── THE DATA ──

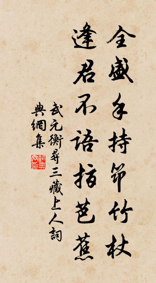 古詩文歷史字典書法欣賞書法字典國語詞典說文解字康熙字典古漢語字典全盛手持筇竹杖,逢君不語指芭蕉武元衡 《尋三藏上人》名句出處出自唐代武元衡的《尋三藏上人》全文:北風吹雪暮蕭蕭,問法尋僧上界遙。全盛手持筇竹杖,逢君不語指芭蕉。武元衡詩詞大全名句書法欣賞全盛手持筇竹杖,逢君不語指芭蕉書法作品武元衡名句,尋三藏上人名句名句推薦五處住山開毒口,不知噴殺幾多人釋了惠《悼虎丘枯椿和尚》春供萬家富遠目,響答兩地紛啼禽史浩《次韻鮑以道天童育王道中吳體》素風千戶敵,新語陸生能皎然《同李侍御萼、李判官集陸處士羽新宅》魯叟談五經,白髮死章句李白《嘲魯儒》飛盡羅心燭張樞《清平樂》傾蓋未償平日願辛棄疾《蝶戀花(用趙文鼎提舉送李正這提刑韻送趙元英)》猩血染珠璣,點綴枝條剩杜敏求《運司園亭海棠軒》結束晨裝破小寒,跨鞍聊得散疲頑范成大《早發竹下》官租日輸納,村酒時邀迓韓愈《縣齋有懷(陽山縣齋作,時貞元二十一年順宗新即位)》暮雲千里傷心處,那更亂蟬疏柳劉克莊《摸魚兒》餒蛟仄目初生羝,血牙未澆遭燖刲李流謙《同馮縉雲遊無為以吾獨胡為在泥滓分韻賦詩得》藥裹多尋醫者問,酒樽寖與故人疏樓鑰《次韻十詩》雨去花光濕,風歸葉影疏王勃《郊興》為報使君從釀酒,梅花落盡不關春陳與義《再賦》驀地詩心到海棠,問花開未曉來忙白玉蟾《問花》詩詞推薦登樓有感倪龍輔〔宋代〕好趁西風理釣舟,半生書劍兩悠悠。憑高有恨無人識,空負關河萬里秋。渡錢塘江釋行海〔宋代〕東風曉出鳳凰城,煙棹悠悠春水平。征雁北歸鄉有思,大江東去世無情。渡人來往青山在,霸業興亡白鳥驚。惆悵禪人並化主寫真求贊釋正覺〔宋代〕剎剎塵塵,隨應現身。百川之月,百華之春。阿你隨宜手眼快,更誰敢議骨頭貧。道交德鄰,主主賓賓。三世混融宮詞徐仲雅〔唐代〕內人曉起 * ,輕揭珠簾看牡丹。一把柳絲收不得,和風搭在玉欄桿。祥興第三十三文天祥〔宋代〕南遊炎海甸,沃野開天庭。真龍竟寂寞,乾坤水上萍。無題馮伯規〔宋代〕暇時結客小舂容,路直重岩紫翠峰。雲閣翬飛翼鸞鳳,石楠盤屈老虬龍。林扉雨過便秋菊,山寺風清度晚鐘。快展頌古二十四首釋勝〔宋代〕雞作蒼鷹拏鱉鼻,鴨為金翅作獰龍。空王以此垂洪範,錦上鋪花知幾重。夏日對雨寄朱放拾遺武元衡〔唐代〕才非谷永傳,無意謁王侯。小暑金將伏,微涼麥正秋。遠山依枕見,暮雨閉門愁。更憶東林寺,詩家第一流。送春醉吟陳著〔宋代〕三月二十有一日,絮雲弄日風力薄。家人報我明日夏,草草杯盤軟春腳。世人心眼最無常,景物流禪爭頃刻。南風定海寒食西湖憶盧玉堂葬西湖這上近傳有僧請戴栩〔宋代〕寒食無朝謁,閒攜載酒車。燧青宮蠟火,雨白野棠花。舊友頻游處,荒阡一酹賒。傳聞有仙筆,麗句落僧家。
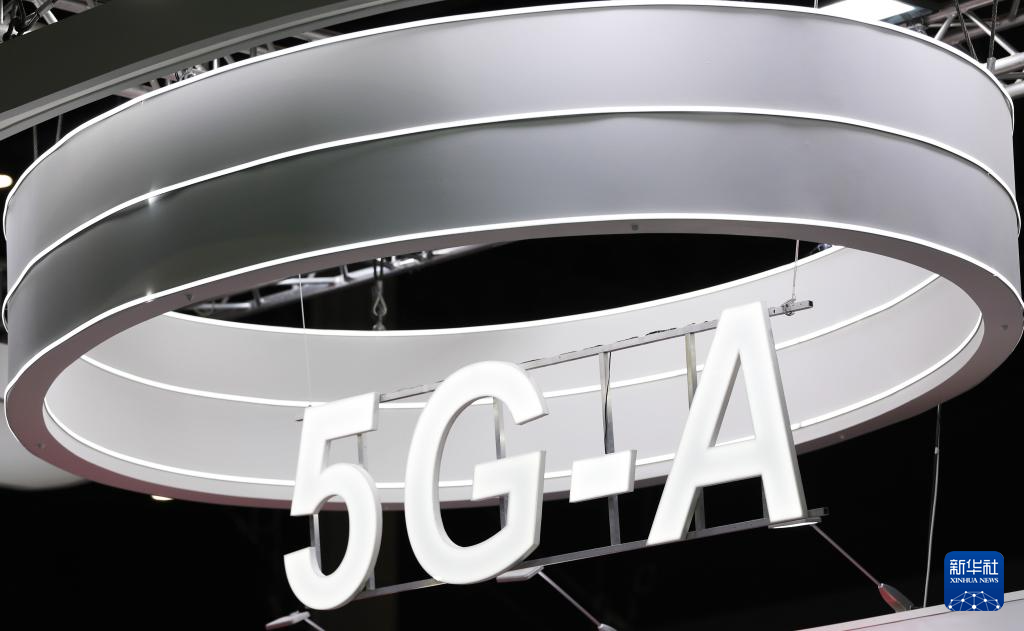 这是2月29日在西班牙巴塞罗那举行的2024年世界移动通信大会上拍摄的5G-A的标识。
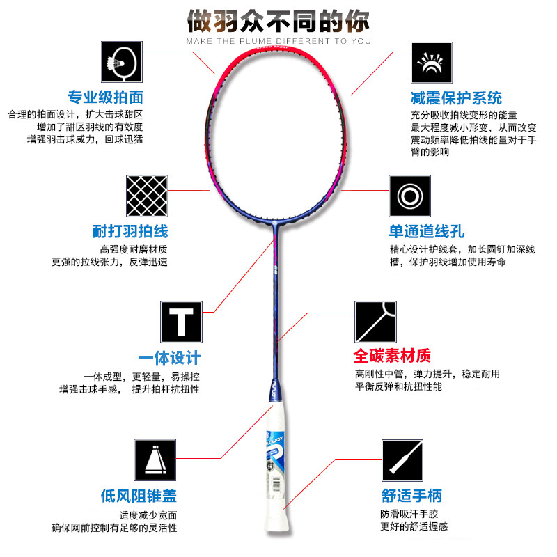 Moisturizing Badminton Racket double slapping adult male and female offensive resistant suit ultralight carbon children student plums
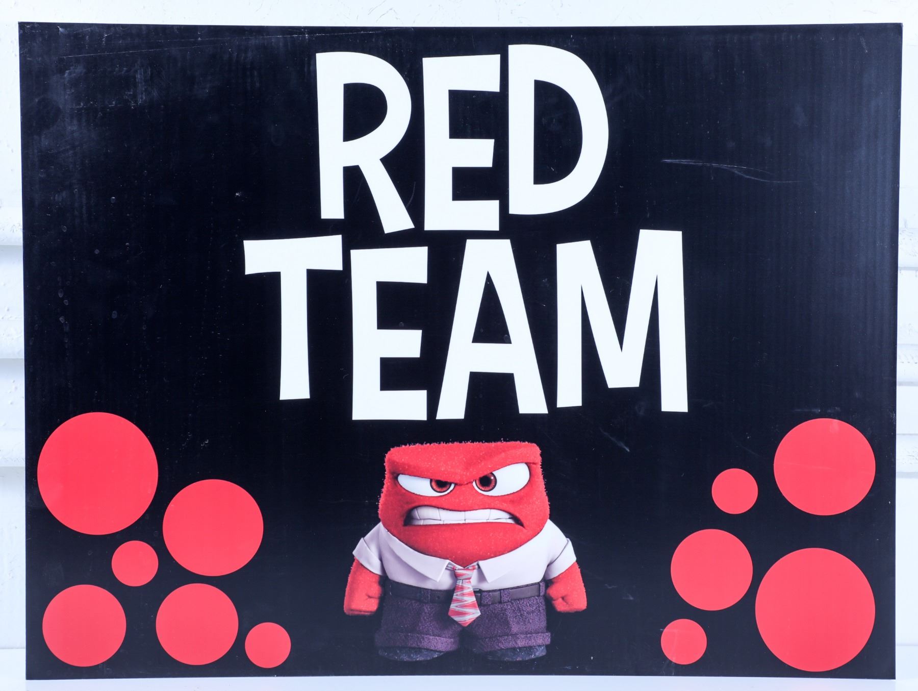 (Disneyland, c. 2015). A Disneyland parked used sign for the cast member canoe race. The sign is for the Red Team and has the character Anger from the Disney Pixar film "Inside Out.". The sign is in good condition with normal wear from age and park use. Measures 24" x 18". Item comes with a Grand Circle Tour Auctions COA.
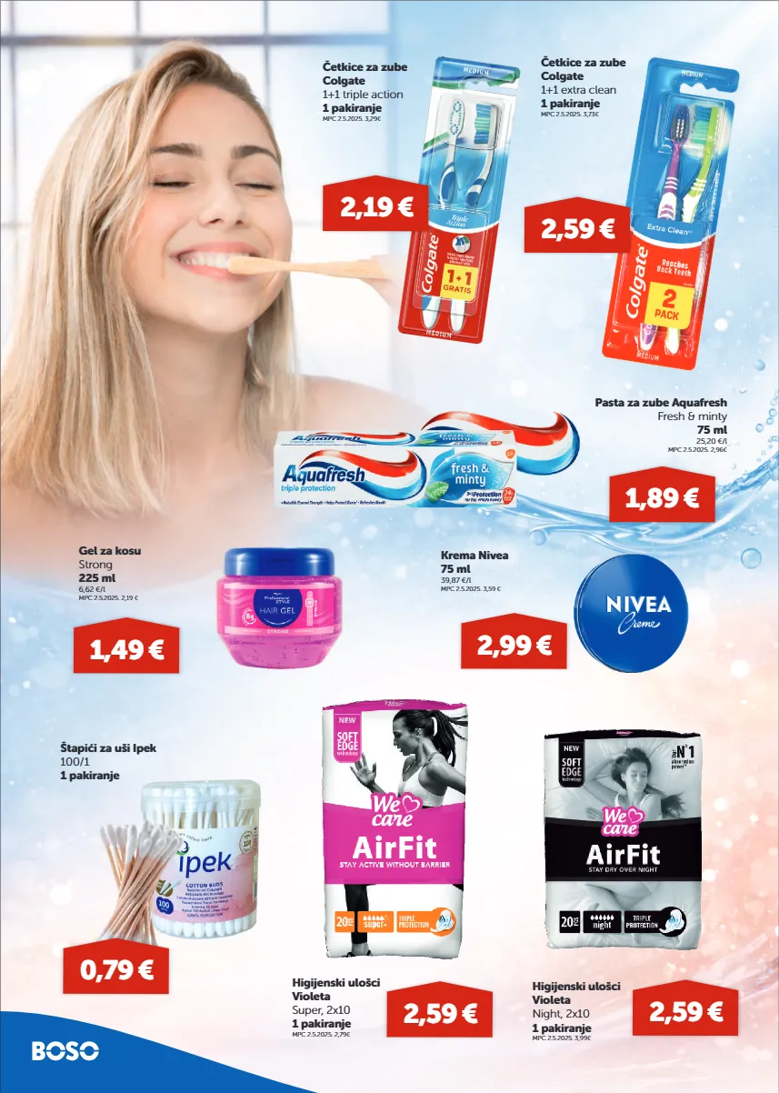 krema nivea 75 ml 39,87 €/l mpc 2.5.2025. 3,59 € 2,99 € pasta za zube aquafresh fresh & minty 75 ml 25,20 €/l mpc 2.5.2025. 2,96€ 1,89 € četkice za zube colgate 1+1 extra clean 1 pakiranje mpc 2.5.2025. 3,73€ 2,59 € četkice za zube colgate 1+1 triple action 1 pakiranje mpc 2.5.2025. 3,29€ 2,19 € gel za kosu strong 225 ml 6,62 €/l mpc 2.5.2025. 2,19 € 1,49 € štapići za uši ipek 100/1 1 pakiranje 0,79 € higijenski ulošci violeta night, 2x10 1 pakiranje mpc 2.5.2025. 3,99€ 2,59 € higijenski ulošci violeta super, 2x10 1 pakiranje mpc 2.5.2025. 2,79€ 2,59 €
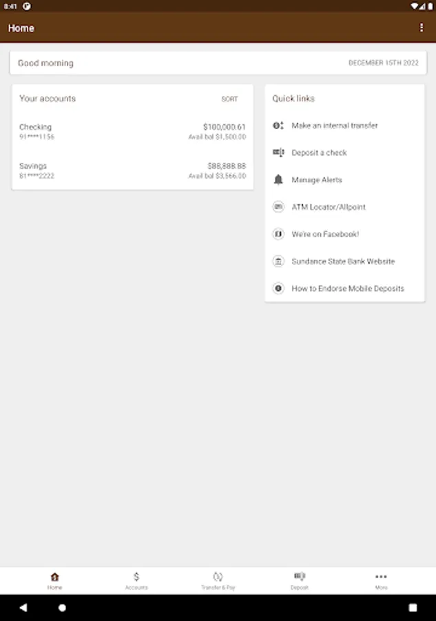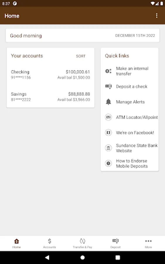 Manage your finances with Sundance State Bank mobile banking. View checking account balances and savings account balances. View recent activity. Transfer funds between eligible Sundance State Bank accounts.
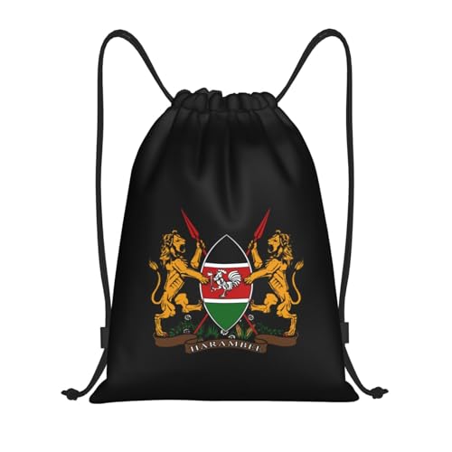 Coat Of Arms Of Kenya Women Men String Backpack Waterproof Drawstring Bag Lightweight Drawstring Backpack For Hiking Picnic Holidays Sports
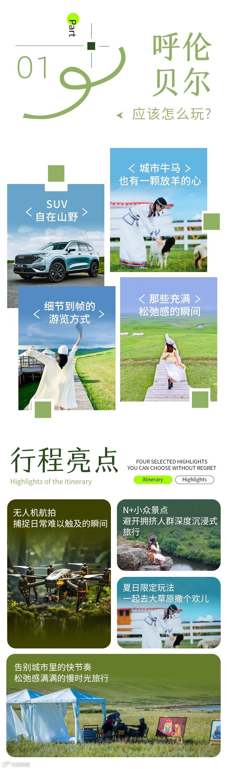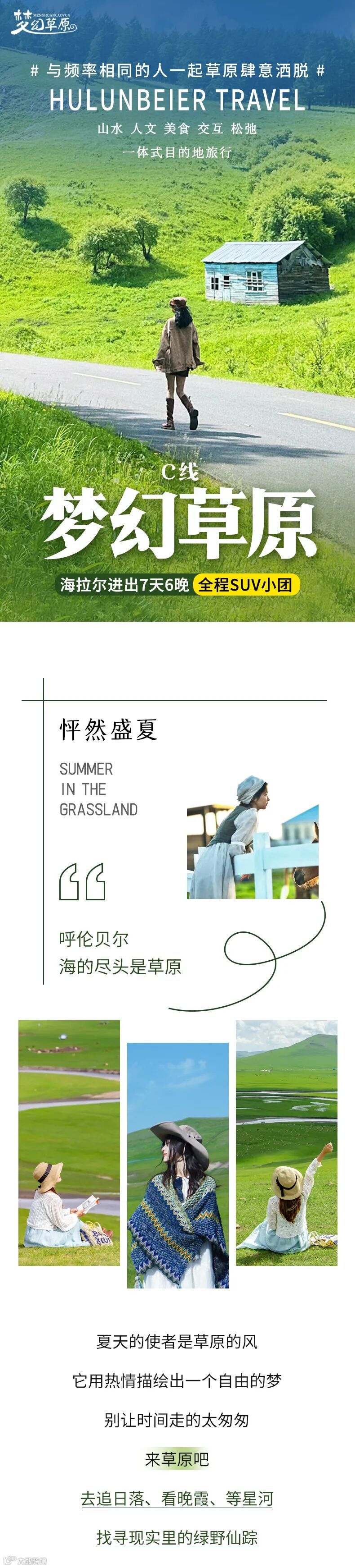 2. 穿戴:草原早晚温差较大,早晚较凉,中午又比较热;白天温度可以参考出行前的天气预报,但是建议根据出行季节携带薄/厚外套,以抗风冲锋衣软壳系列为佳;夏季带正常夏装,春秋带长衣长袖或者冰袖,最好穿长裤避免晒伤;骑马的时候推荐牛仔裤耐磨或者紧身长裤,鞋子以舒适运动鞋/户外登山鞋为主。不知道穿啥,白色肯定不会错,低饱和浅色系列:白、米、蓝、黄、红、绿、咖啡色,都很出片。

───

**WHAT THIS TASK INVOLVES:** Starting with the line that holds "Manage your finances", retype each line through the last one in the listing above, exactly as written. Do not copy any pictures.

**TASK RESPONSE:**
 Manage your finances with Sundance State Bank mobile banking. View checking account balances and savings account balances. View recent activity. Transfer funds between eligible Sundance State Bank accounts.
 Coat Of Arms Of Kenya Women Men String Backpack Waterproof Drawstring Bag Lightweight Drawstring Backpack For Hiking Picnic Holidays Sports
 2. 穿戴:草原早晚温差较大,早晚较凉,中午又比较热;白天温度可以参考出行前的天气预报,但是建议根据出行季节携带薄/厚外套,以抗风冲锋衣软壳系列为佳;夏季带正常夏装,春秋带长衣长袖或者冰袖,最好穿长裤避免晒伤;骑马的时候推荐牛仔裤耐磨或者紧身长裤,鞋子以舒适运动鞋/户外登山鞋为主。不知道穿啥,白色肯定不会错,低饱和浅色系列:白、米、蓝、黄、红、绿、咖啡色,都很出片。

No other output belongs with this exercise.